(THE PROBLEM):
Return every line of the data below exactly, but do not include the images.

(DATA BLOCK):
▼▼▼
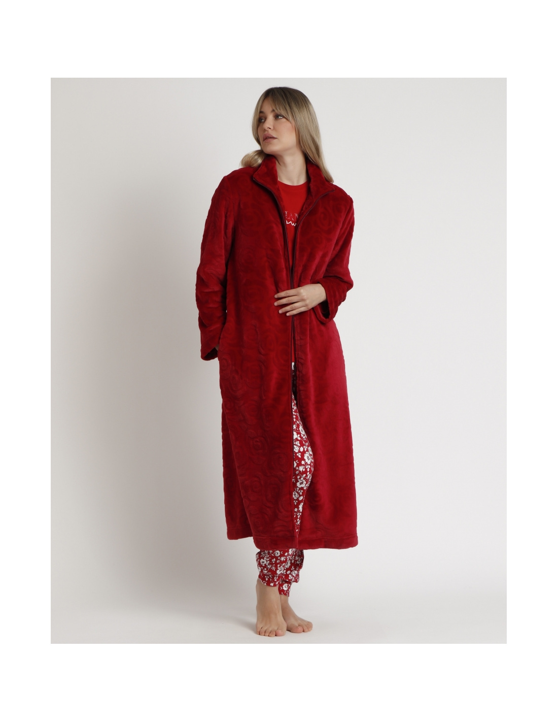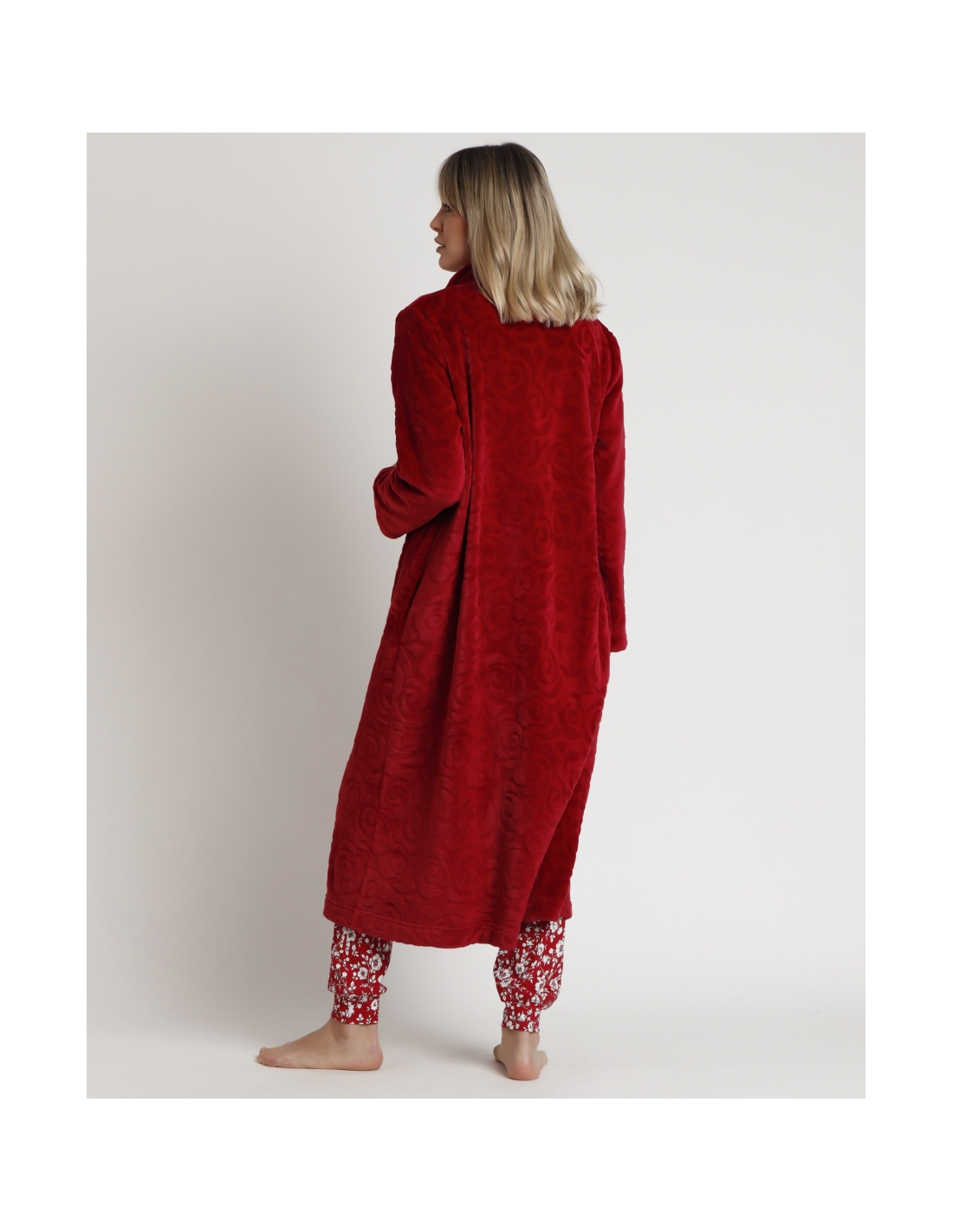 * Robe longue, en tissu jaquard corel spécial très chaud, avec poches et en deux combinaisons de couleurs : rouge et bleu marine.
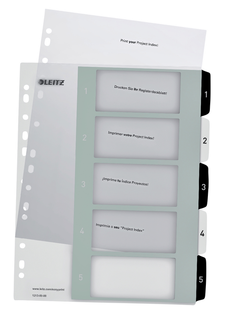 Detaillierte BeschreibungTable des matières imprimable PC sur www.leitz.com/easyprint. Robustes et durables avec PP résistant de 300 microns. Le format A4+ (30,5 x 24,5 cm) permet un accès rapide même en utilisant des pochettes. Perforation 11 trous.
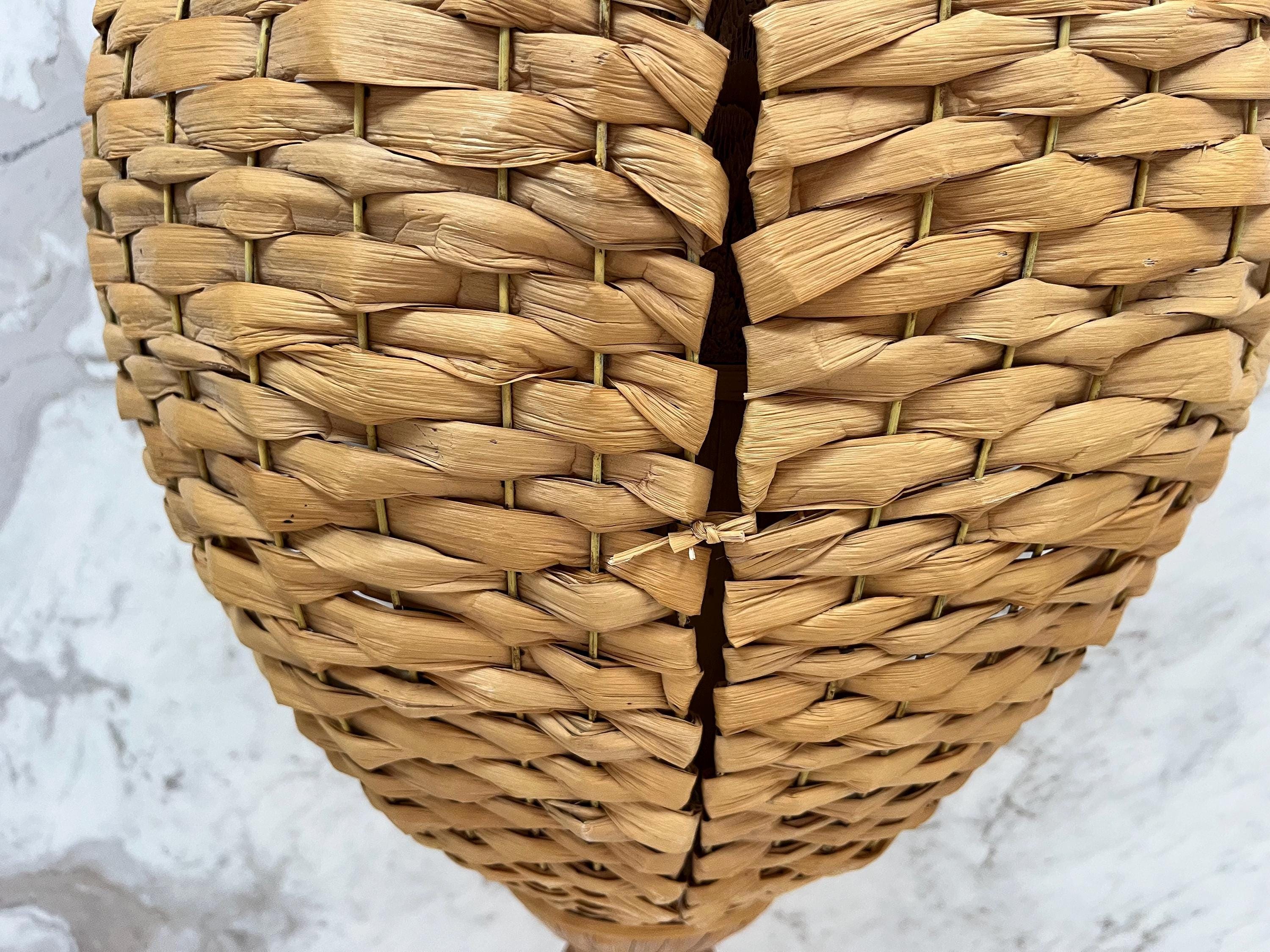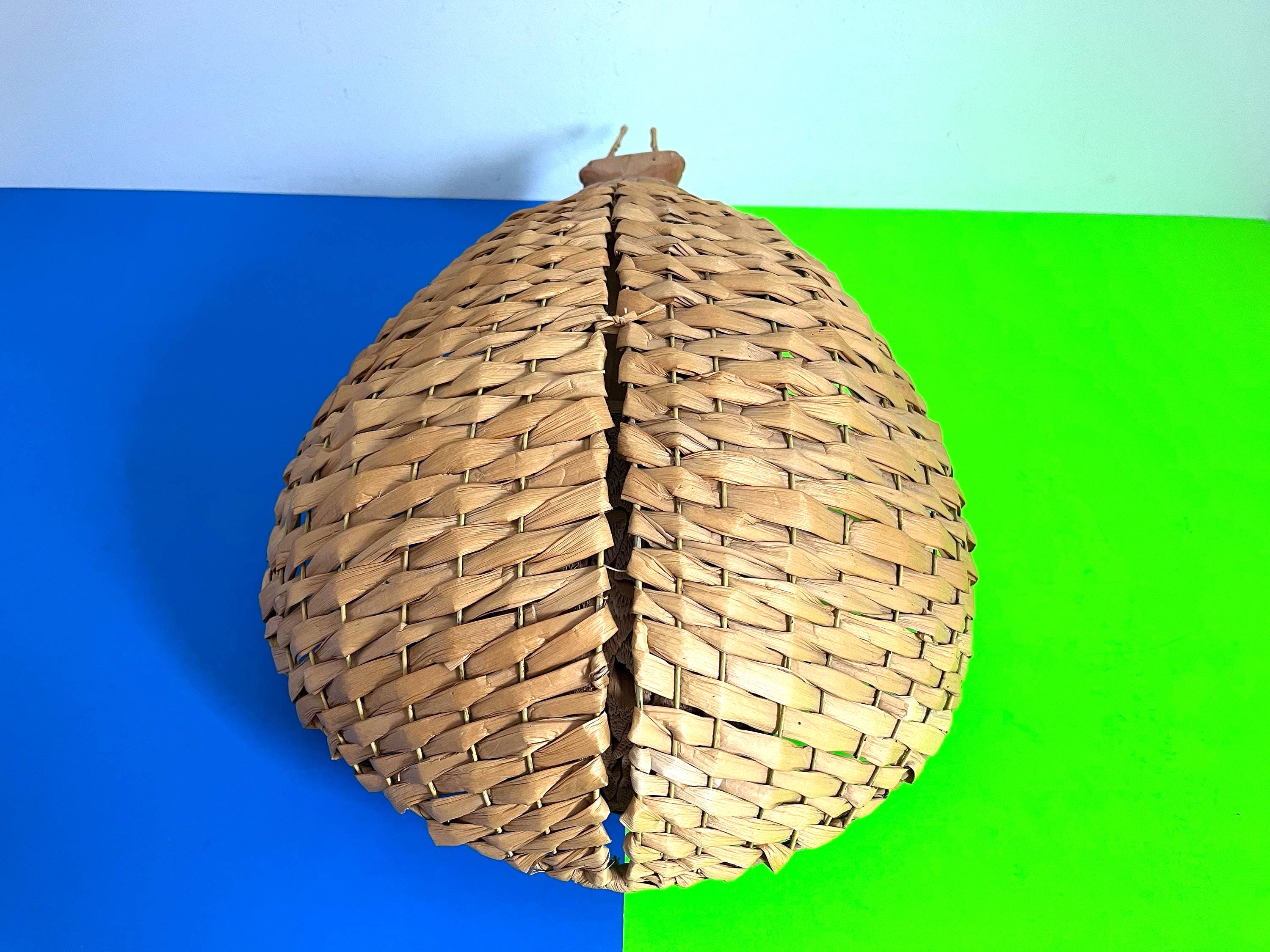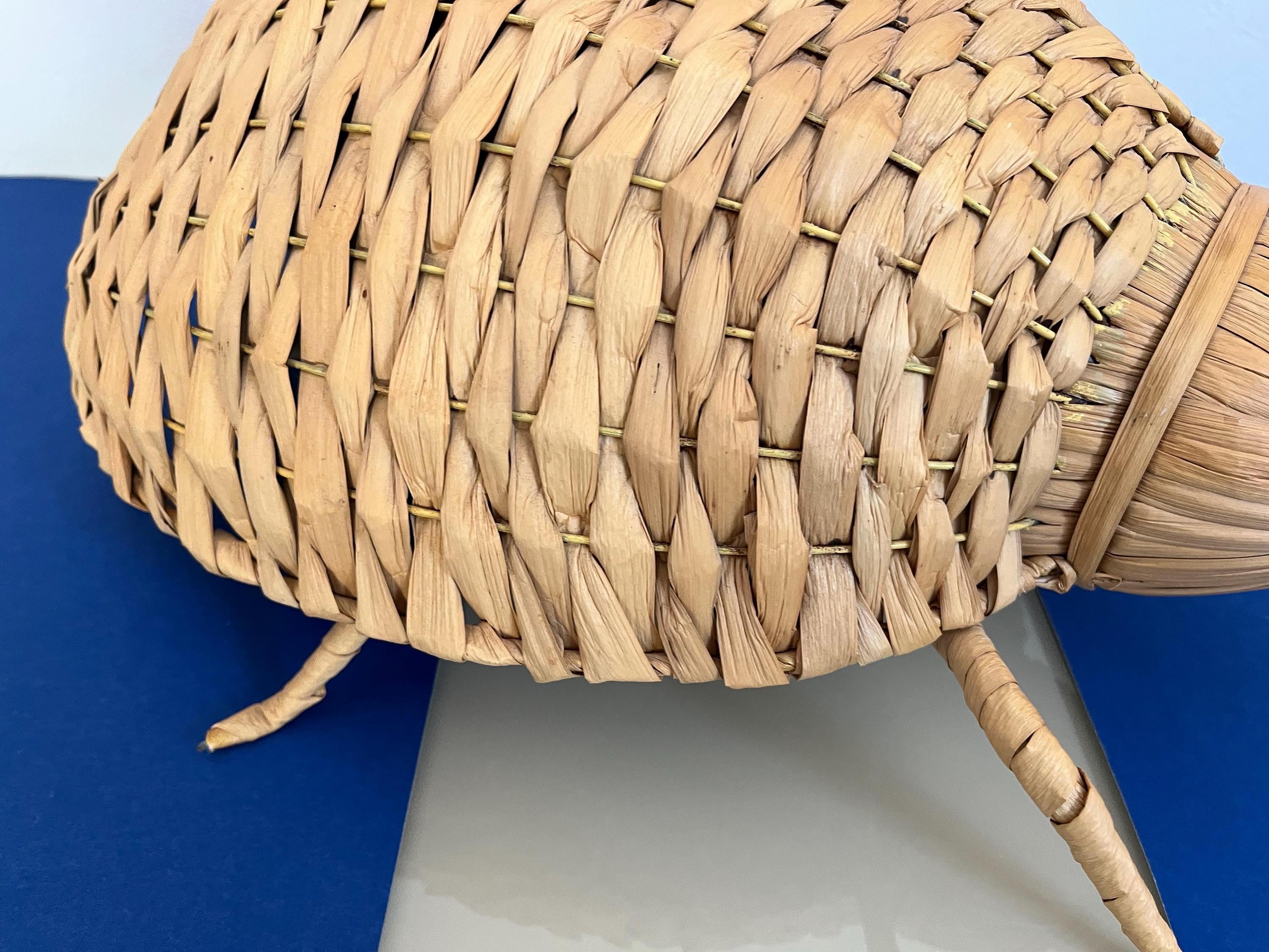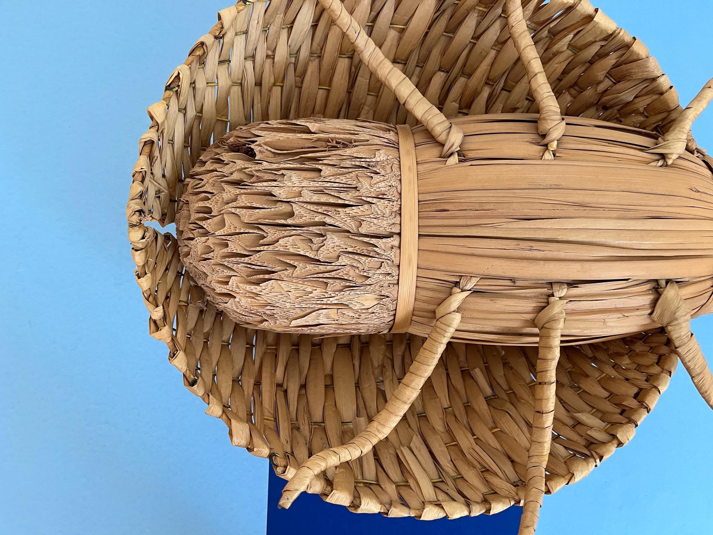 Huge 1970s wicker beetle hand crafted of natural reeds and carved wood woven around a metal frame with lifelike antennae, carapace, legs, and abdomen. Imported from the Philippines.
▲▲▲
(RESPONSE BELOW):
 * Robe longue, en tissu jaquard corel spécial très chaud, avec poches et en deux combinaisons de couleurs : rouge et bleu marine.
 Detaillierte BeschreibungTable des matières imprimable PC sur www.leitz.com/easyprint. Robustes et durables avec PP résistant de 300 microns. Le format A4+ (30,5 x 24,5 cm) permet un accès rapide même en utilisant des pochettes. Perforation 11 trous.
 Huge 1970s wicker beetle hand crafted of natural reeds and carved wood woven around a metal frame with lifelike antennae, carapace, legs, and abdomen. Imported from the Philippines.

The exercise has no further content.